Sans doute influencé par la température polaire de ces derniers jours à Buenos Aires, j’ai choisi Frío (Froid) pour l’anecdote du jour. Cette version magnifique et presque orpheline a été enregistrée par Canaro et Maida il y a exactement 83 ans… Cet enregistrement parle d’un froid interne, mais il a été enregistré en hiver, comme l’a été l’année précédente Invierno (l’hiver) par les mêmes… Je vous invite à grelotter.
Un petit mot sur Joaquín Mauricio Mora (1905–1979)
Certains talents passent un peu dans l’oubli, tout comme ce magnifique tango du jour et je suis content de les rappeler à notre souvenir. Joaquín Mora est né en 1905 en Uruguay, d’une mère de ce pays et d’un père argentin. Il fit de sérieuses études musicales au point de devenir professeur de piano et il se toqua pour le bandonéon qui bien qu’aussi un instrument à touches exige une dextérité différente. Avec cet instrument qu’il apprit de façon autodidacte, il jouera dans de nombreux orchestres, par exemple avec Azucena Maizani et le Trio Irusta-Fugazot-Demare en Europe et il fut l’un des bandonéonistes de Miguel Caló.
Portraits de Joaquin Mora. En haut dans l’orchestre de Miguel Calo en 1935, en bas avec les musiciens de son orchestre en 1936. À droite, avec son orchestre en Uruguay
Il tourna également en Amérique du Sud, et joua même avec la Sonora Matancera (en 1949).
Cartes de musicien de Mora : Colombie — Managua au Nicaragua — Medellín (Colombie).
Un jour il perdit son bandonéon et il continua comme pianiste… Mais il fut aussi un compositeur intéressant. Parmi ses compositions, citons celles dont nous avons des enregistrements.
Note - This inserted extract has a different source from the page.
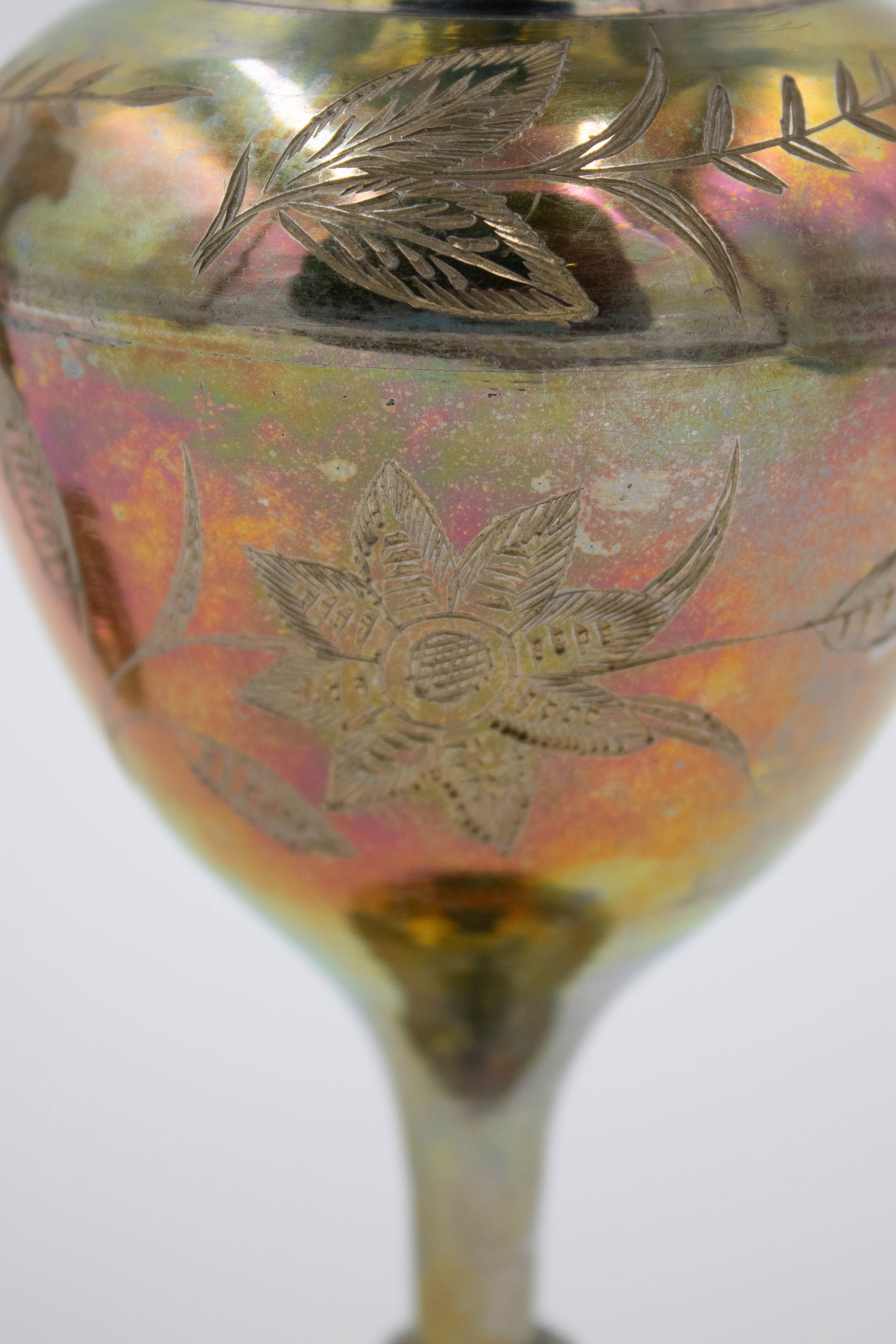 Pair of Scalloped Brass Vases on Pedestals and Engraved with Floral Design

Une bonne partie étant avec des paroles de Contursi : Al verla pasar / Como aquella princesa / Esclavo / Frío / Más allá / Sin esperanza (Vals) Tangos sans paroles de Contursi (instrumentaux ou avec d’autres paroliers) : Divina (marche puis en tango) / En las sombras / Margarita Gauthier / Si volviera Jesús / Ushuaia / Volver a vernos / Yo soy aquel muchacho
Extrait musical
Frío 1938-07-26 — Orquesta Francisco Canaro con Roberto Maida.
Le mode mineur prédominant dans cette musique donne un air de tristesse. Maida chante délicatement, mais en suivant le rythme soutenu de l’orchestre qui ne se calmera que dans les dernières secondes par un ralentissement (calendo ou même morendo).
Paroles
De vraiment très belles paroles, mais José María Contursi nous a habitué à ces textes splendides et simples.
Por qué seguir penando así Si el sol no brilla para mí, En esta noche inacabable, mi querer Se desangra lentamente por ti.
No sé si el viento llevará Mi voz, cansada de llamar, Giro la vista, angustiado De ver a mi lado Sombras, nada más.
Me agobia el peso de las penas mías Anduve tanto y tanto, sin llegar, Mi espíritu cansado, necesita Quebrar sus alas mustias y olvidar. Si encontrara un reparo en el camino Donde el alma pudiera cobijar, Garúa de recuerdos y este frío Este frío mortal, mi soledad.
Busqué la paz en la oración Mi voz, un rezo musitó, Y en las palabras, Las primeras que aprendí Y el recuerdo de mi madre, me ahogó.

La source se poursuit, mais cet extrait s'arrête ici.